TASK
Transcribe word for word the section of the records below that opens with the line containing "This absence immediately" and closes with the line containing "Режим сети –"; drop every picture.

Data items

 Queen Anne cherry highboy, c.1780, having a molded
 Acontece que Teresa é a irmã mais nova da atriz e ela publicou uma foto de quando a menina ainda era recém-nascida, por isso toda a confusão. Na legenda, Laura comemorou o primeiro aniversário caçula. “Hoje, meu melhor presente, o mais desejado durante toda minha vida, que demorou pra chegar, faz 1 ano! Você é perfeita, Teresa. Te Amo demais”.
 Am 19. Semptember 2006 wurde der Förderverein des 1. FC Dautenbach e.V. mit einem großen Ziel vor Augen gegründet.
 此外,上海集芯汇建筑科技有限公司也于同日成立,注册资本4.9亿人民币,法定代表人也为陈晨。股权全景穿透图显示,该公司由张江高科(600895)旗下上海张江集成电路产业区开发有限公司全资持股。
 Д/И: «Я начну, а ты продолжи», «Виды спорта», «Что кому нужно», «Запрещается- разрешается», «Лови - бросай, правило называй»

--

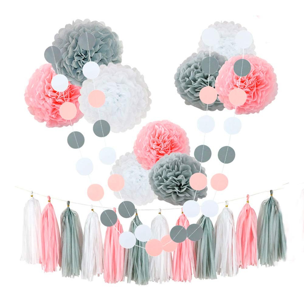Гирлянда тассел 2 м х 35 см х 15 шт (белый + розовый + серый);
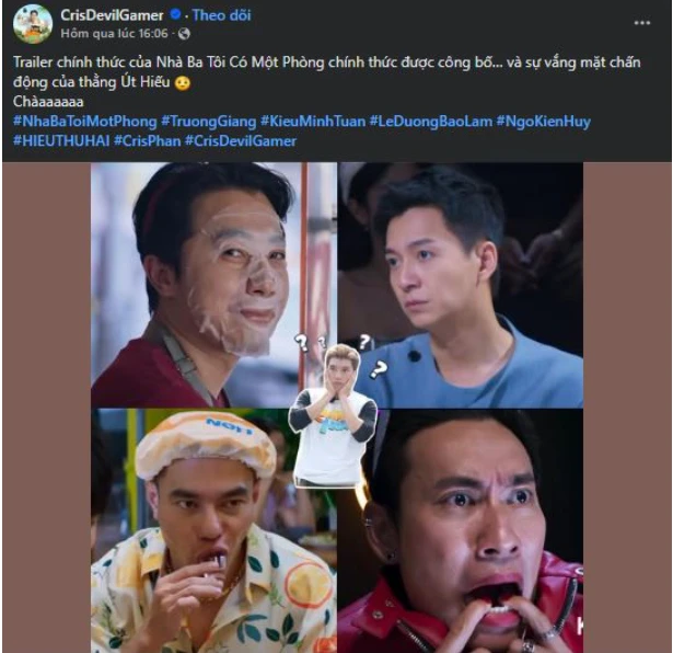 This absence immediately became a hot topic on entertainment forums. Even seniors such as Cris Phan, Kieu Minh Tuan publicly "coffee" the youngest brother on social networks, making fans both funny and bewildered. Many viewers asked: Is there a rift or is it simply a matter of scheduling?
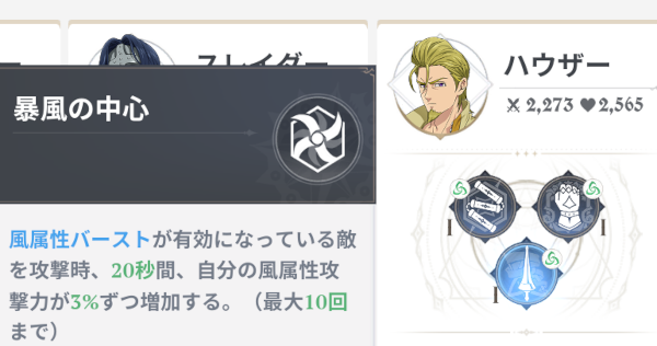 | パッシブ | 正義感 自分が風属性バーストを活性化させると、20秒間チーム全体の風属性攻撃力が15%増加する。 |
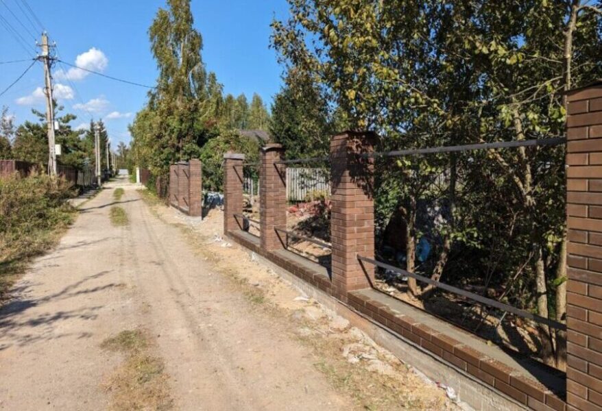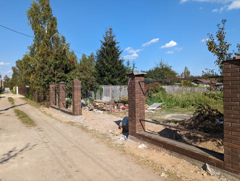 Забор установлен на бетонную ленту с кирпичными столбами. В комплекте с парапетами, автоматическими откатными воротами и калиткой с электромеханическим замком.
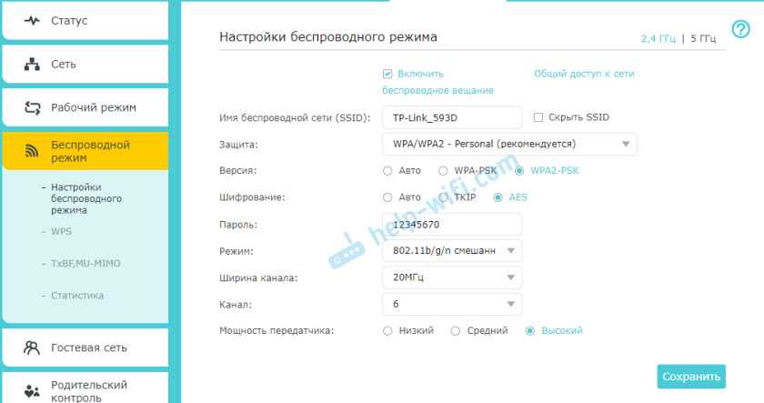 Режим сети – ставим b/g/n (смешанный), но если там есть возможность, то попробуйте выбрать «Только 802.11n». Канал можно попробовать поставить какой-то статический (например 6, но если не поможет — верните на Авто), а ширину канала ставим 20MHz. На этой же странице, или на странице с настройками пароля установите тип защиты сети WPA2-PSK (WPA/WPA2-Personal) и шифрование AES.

ANSWER TO THIS EXERCISE
 This absence immediately became a hot topic on entertainment forums. Even seniors such as Cris Phan, Kieu Minh Tuan publicly "coffee" the youngest brother on social networks, making fans both funny and bewildered. Many viewers asked: Is there a rift or is it simply a matter of scheduling?
 | パッシブ | 正義感 自分が風属性バーストを活性化させると、20秒間チーム全体の風属性攻撃力が15%増加する。 |
 Забор установлен на бетонную ленту с кирпичными столбами. В комплекте с парапетами, автоматическими откатными воротами и калиткой с электромеханическим замком.
 Режим сети – ставим b/g/n (смешанный), но если там есть возможность, то попробуйте выбрать «Только 802.11n». Канал можно попробовать поставить какой-то статический (например 6, но если не поможет — верните на Авто), а ширину канала ставим 20MHz. На этой же странице, или на странице с настройками пароля установите тип защиты сети WPA2-PSK (WPA/WPA2-Personal) и шифрование AES.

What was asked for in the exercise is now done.